• _REQUIRED ACTION_: Below are the entries. Print only the lines starting at the one with "Апартаменты порадовали своей" and ending at the one with "Elegante colgante con", exactly, with no pictures.
(DATA UNDER STUDY begins)
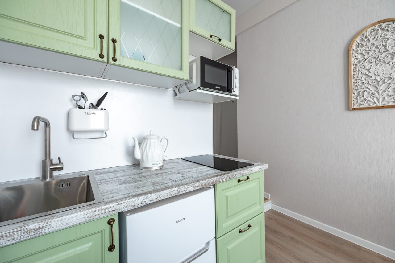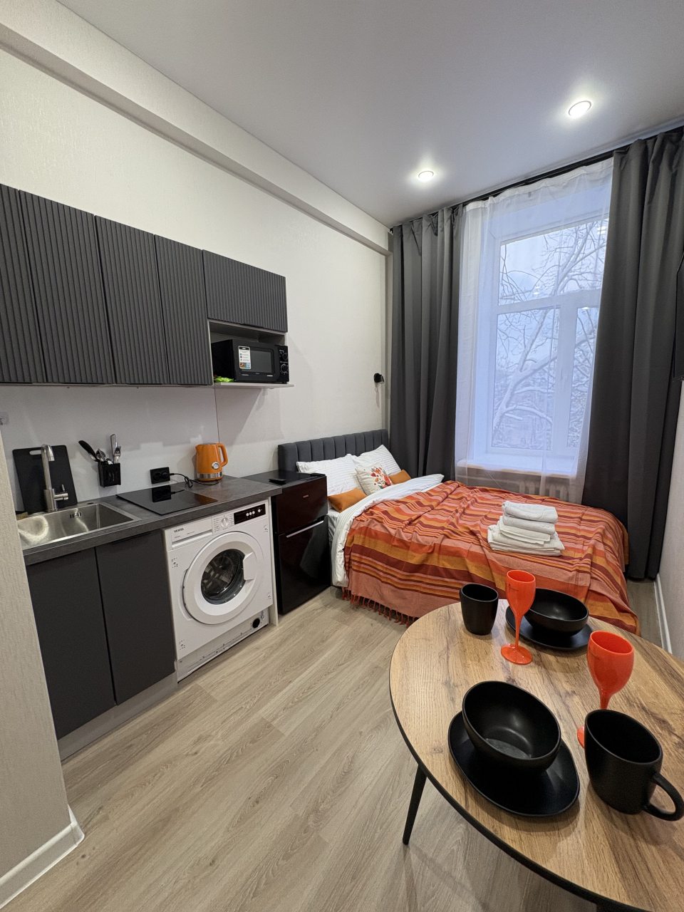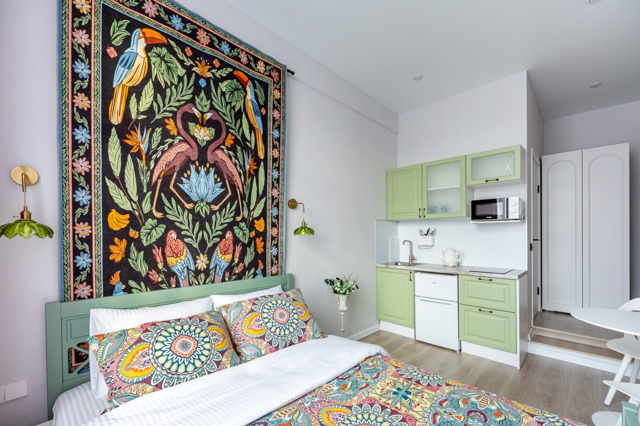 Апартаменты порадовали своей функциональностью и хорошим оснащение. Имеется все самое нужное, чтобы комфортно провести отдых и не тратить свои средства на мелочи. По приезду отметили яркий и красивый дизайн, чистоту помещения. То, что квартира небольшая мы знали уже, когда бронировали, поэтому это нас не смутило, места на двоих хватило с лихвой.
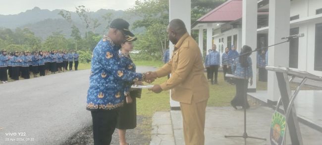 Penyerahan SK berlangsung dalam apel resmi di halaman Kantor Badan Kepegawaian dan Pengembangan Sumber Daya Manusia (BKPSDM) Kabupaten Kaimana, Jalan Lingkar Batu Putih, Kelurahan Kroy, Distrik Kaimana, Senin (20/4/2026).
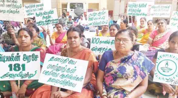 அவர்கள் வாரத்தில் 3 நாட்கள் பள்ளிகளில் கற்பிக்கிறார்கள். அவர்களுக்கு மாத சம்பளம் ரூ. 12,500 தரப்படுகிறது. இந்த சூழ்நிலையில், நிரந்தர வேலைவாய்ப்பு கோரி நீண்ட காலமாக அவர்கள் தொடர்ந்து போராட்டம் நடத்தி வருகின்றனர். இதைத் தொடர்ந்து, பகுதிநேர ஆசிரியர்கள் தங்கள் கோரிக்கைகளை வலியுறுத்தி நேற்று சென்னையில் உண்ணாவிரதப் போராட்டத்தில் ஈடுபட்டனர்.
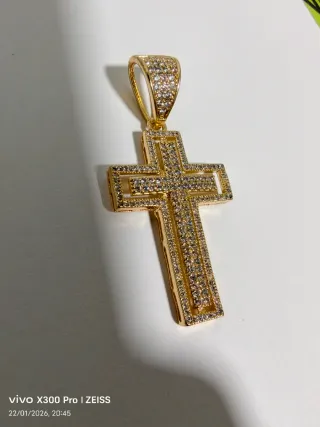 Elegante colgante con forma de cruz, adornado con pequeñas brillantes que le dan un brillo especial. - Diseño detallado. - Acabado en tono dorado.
(DATA UNDER STUDY ends)
(DATA UNDER STUDY begins)
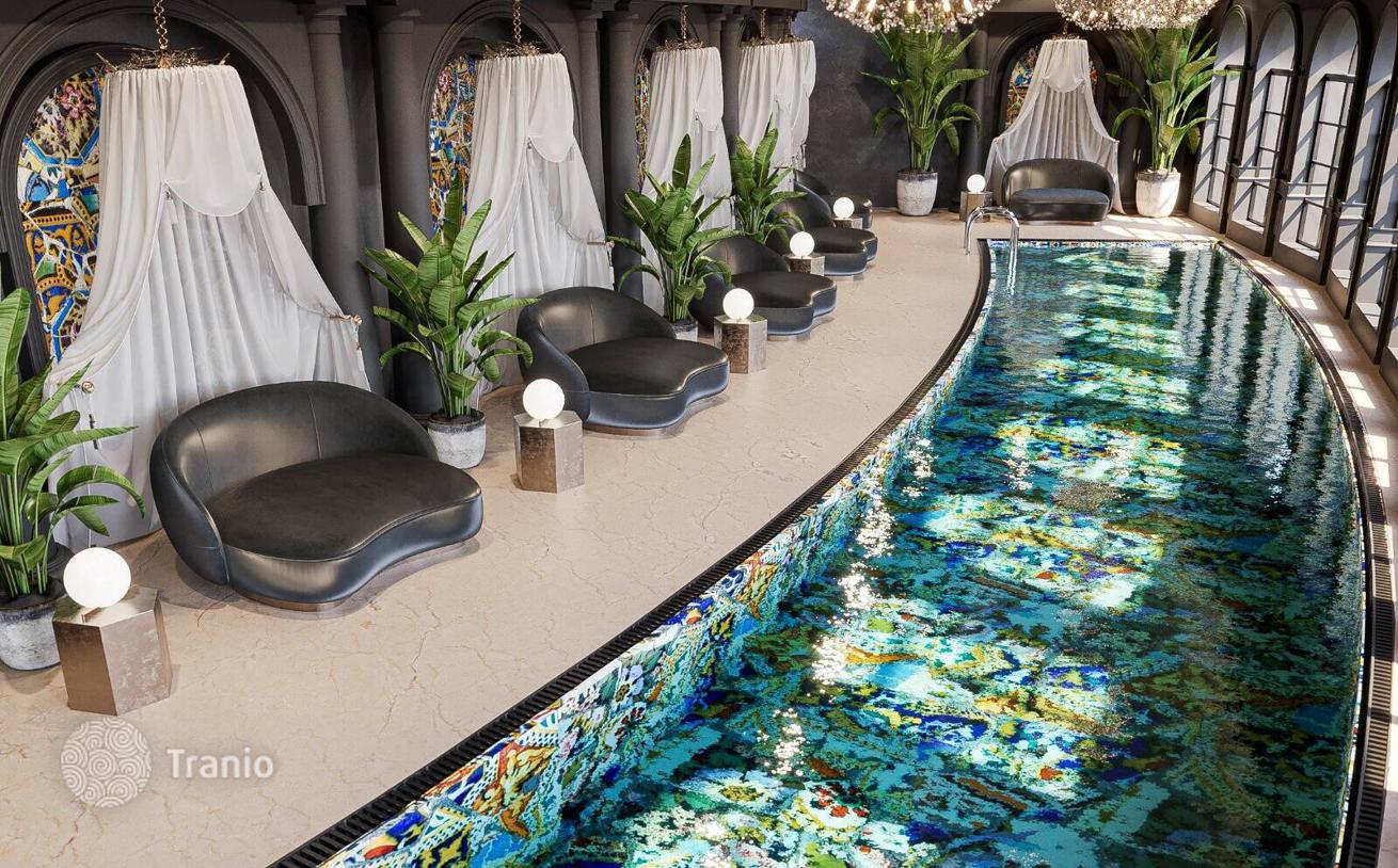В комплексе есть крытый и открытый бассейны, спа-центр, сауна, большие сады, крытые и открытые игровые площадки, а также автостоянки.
(DATA UNDER STUDY ends)
• _FINISHED TASK_:
 Апартаменты порадовали своей функциональностью и хорошим оснащение. Имеется все самое нужное, чтобы комфортно провести отдых и не тратить свои средства на мелочи. По приезду отметили яркий и красивый дизайн, чистоту помещения. То, что квартира небольшая мы знали уже, когда бронировали, поэтому это нас не смутило, места на двоих хватило с лихвой.
 Penyerahan SK berlangsung dalam apel resmi di halaman Kantor Badan Kepegawaian dan Pengembangan Sumber Daya Manusia (BKPSDM) Kabupaten Kaimana, Jalan Lingkar Batu Putih, Kelurahan Kroy, Distrik Kaimana, Senin (20/4/2026).
 அவர்கள் வாரத்தில் 3 நாட்கள் பள்ளிகளில் கற்பிக்கிறார்கள். அவர்களுக்கு மாத சம்பளம் ரூ. 12,500 தரப்படுகிறது. இந்த சூழ்நிலையில், நிரந்தர வேலைவாய்ப்பு கோரி நீண்ட காலமாக அவர்கள் தொடர்ந்து போராட்டம் நடத்தி வருகின்றனர். இதைத் தொடர்ந்து, பகுதிநேர ஆசிரியர்கள் தங்கள் கோரிக்கைகளை வலியுறுத்தி நேற்று சென்னையில் உண்ணாவிரதப் போராட்டத்தில் ஈடுபட்டனர்.
 Elegante colgante con forma de cruz, adornado con pequeñas brillantes que le dan un brillo especial. - Diseño detallado. - Acabado en tono dorado.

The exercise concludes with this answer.